**Data section**
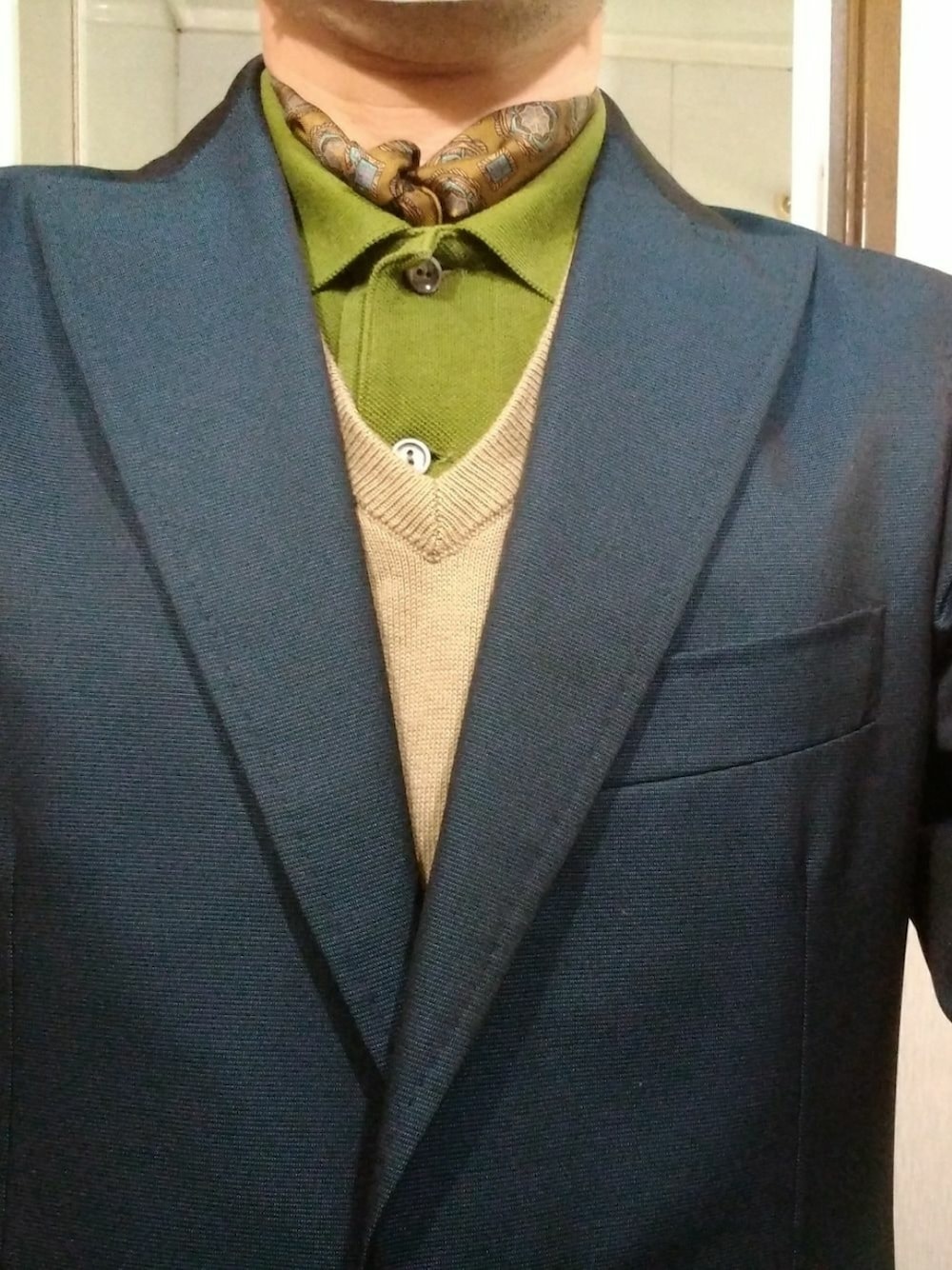 ジャケットはTOMORROWLAND別注のベルベストで、ウール・シルク・ナイロンの三者混生地。 メルカリで新品同様のを格安(多分元値の二十分の一くらい)で買いました。
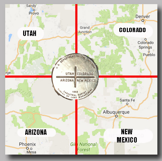 Out West, there is a point where you can get on your hands and knees and have one of each in four states. I have been on my hands and knees but not at this location. Anybody ever been there?
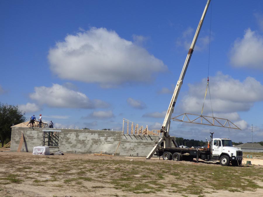 It goes really fast. The crew on top of the house has the trusses secured before the man offloading the truck can get the next truss up there with the crane.
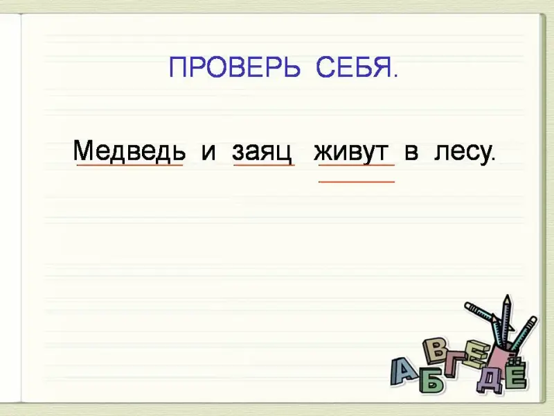 «Медведь и заяц живут в лесу.» - Какие должны помнить основные правила, чтобы правильно оформить предложение? (Большая буква в начале, в конце знак) (Слайд 7) - Подчеркните в предложении грамматическую основу. |
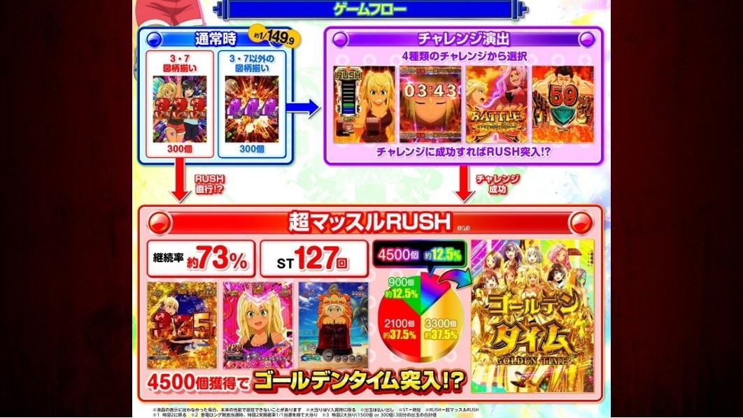 ※3⋯ゴールデンタイム突入時出玉4,500玉+特図2大当たり(1,500玉 or 300玉)3回分の出玉合計値
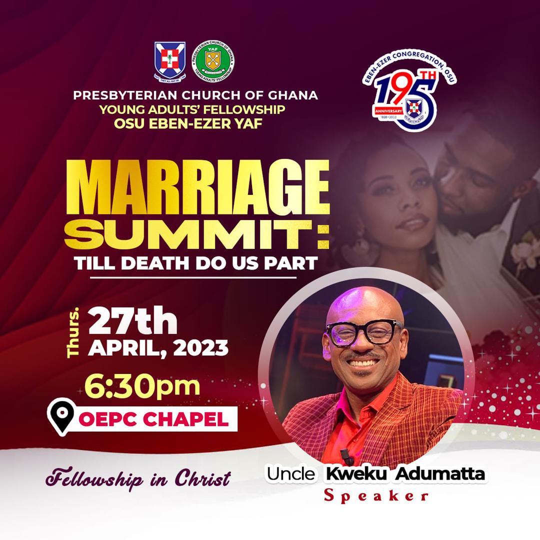 THURSDAY 27TH APRIL 2023 - MARRIAGE SUMMIT @ 6.30 PM
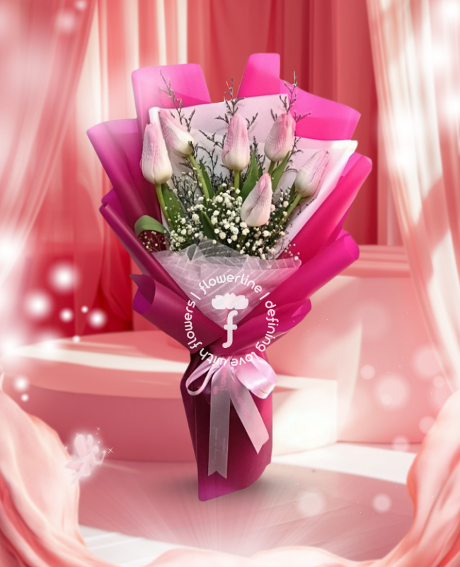 The bouquet comes with 6 stems of Tulips and fillers. The flowers are tied with nonwoven wrapper and satin ribbon.
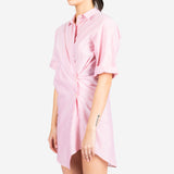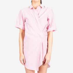 The Unravel Project Women's Red Stripe Draped Shirt Dress in 100% Cotton, crafted in Italy, effortlessly merges classic and contemporary style. Featuring a flattering asymmetrical drape and soft red pinstripes, it offers a chic, relaxed silhouette with rolled short sleeves and subtle detailing. Perfect for versatile styling.
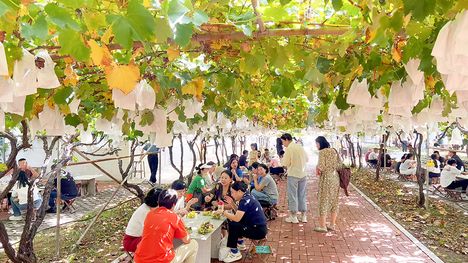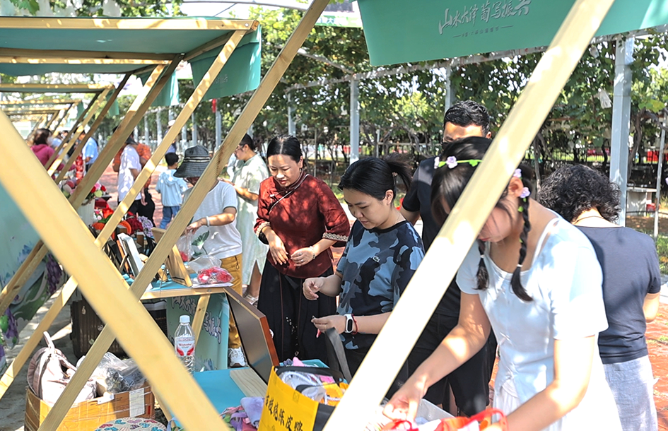 青岛日报社/观海新闻9月25日讯 近日,一场集展示、销售、互动于一体的非遗展销活动在大泽山镇葡萄大观园拉开帷幕。此次活动为大泽山葡萄节系列活动的延伸,通过精心打造的沉浸式“非遗活态长廊”,以“展、销、做、学”无缝融合模式,让游客在游览中实现“一步一景、一架一韵,可观、可购、可动手”的完整非遗体验旅程。
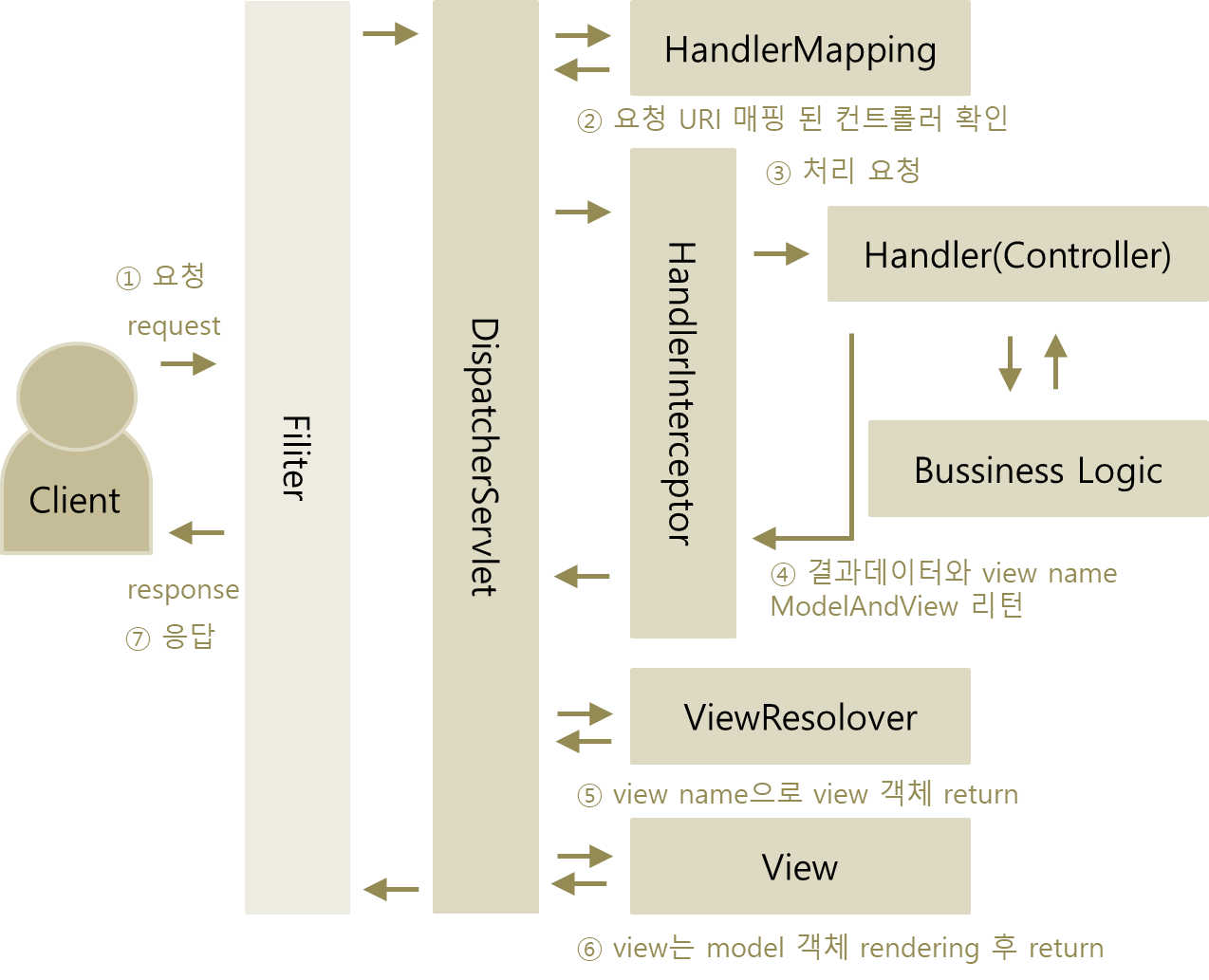 인터셉터의 작동 위치 ? : 인터셉터는 DispatcherServlet에서 Controllr(Handler) 사이에서 동작
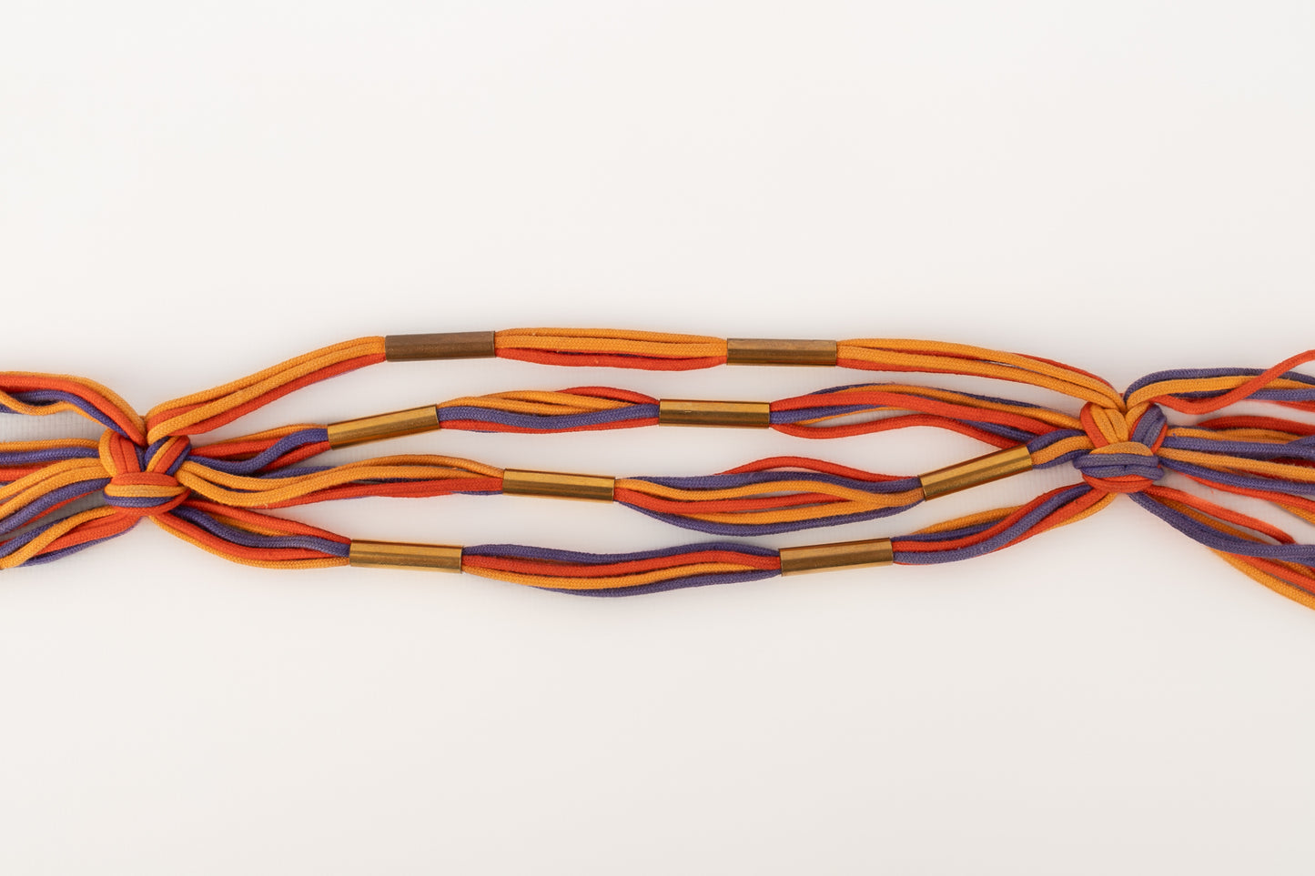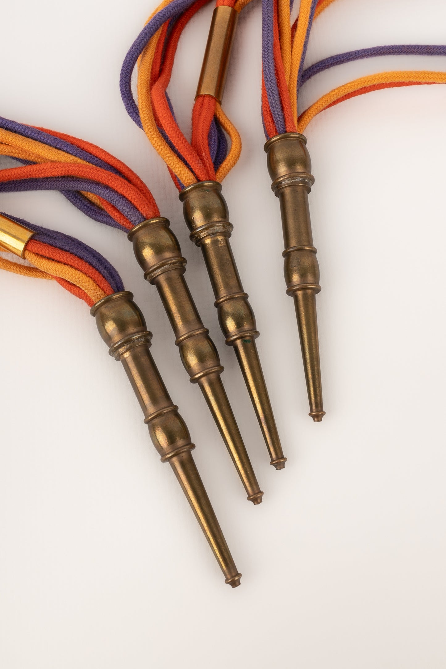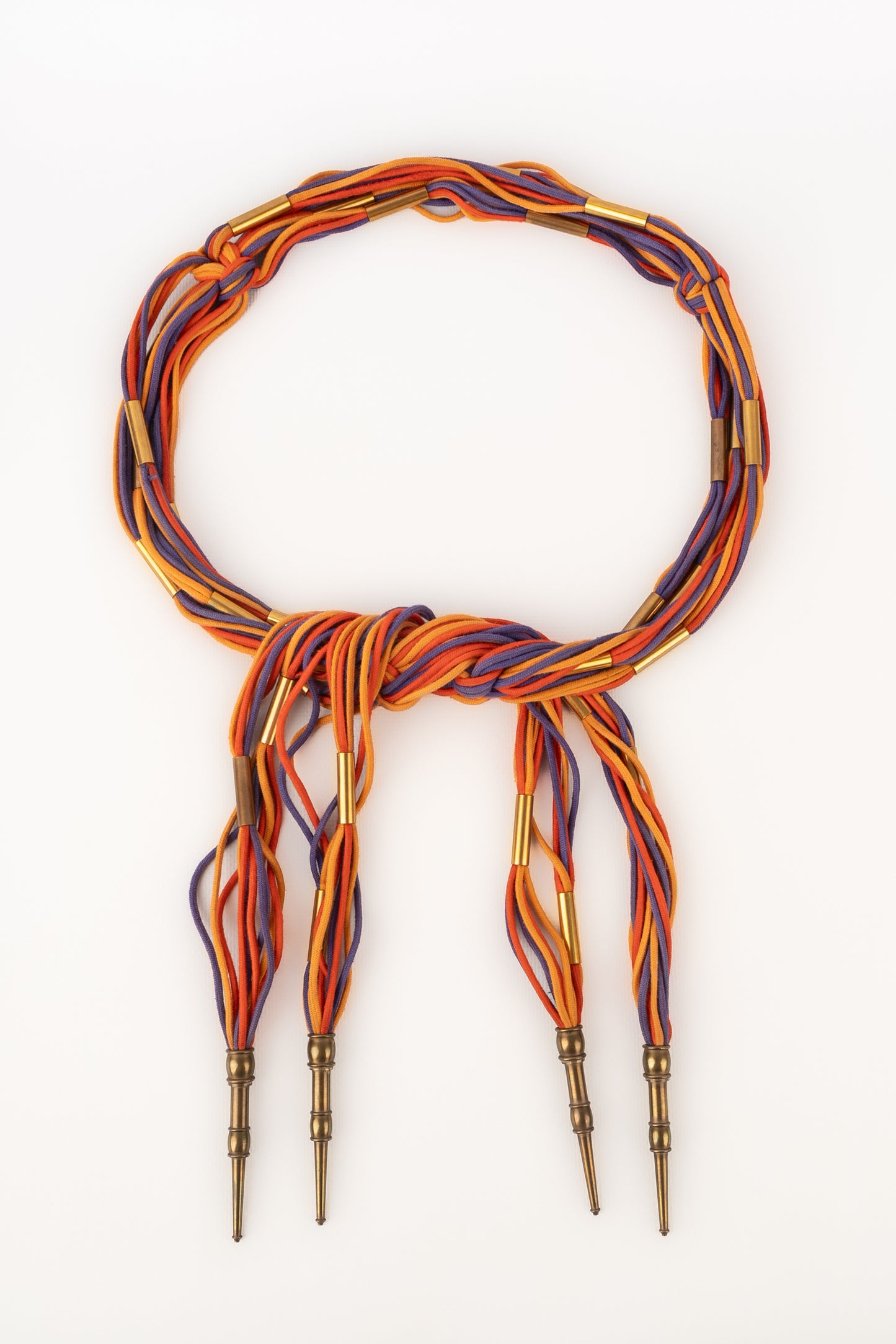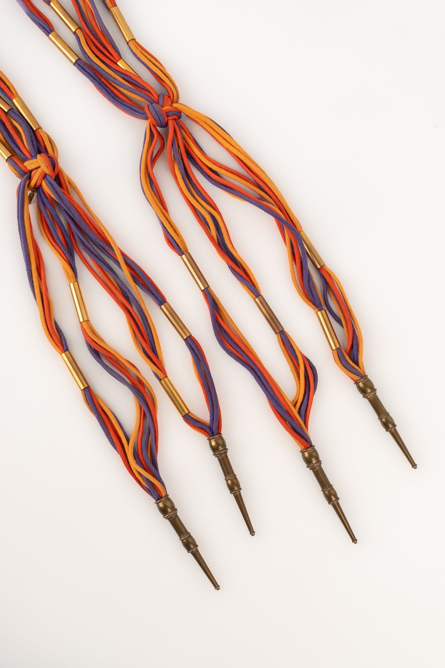 YVES SAINT LAURENT -Ancienne ceinture en cordons de coton coloré et éléments en métal doré. Non signée.

**Task prompt**
Please write out, word for word, only the lines from the one holding "인터셉터의 작동 위치" through the end of the records above, with both end lines included and the pictures dropped.

**Completed task**
 인터셉터의 작동 위치 ? : 인터셉터는 DispatcherServlet에서 Controllr(Handler) 사이에서 동작
 YVES SAINT LAURENT -Ancienne ceinture en cordons de coton coloré et éléments en métal doré. Non signée.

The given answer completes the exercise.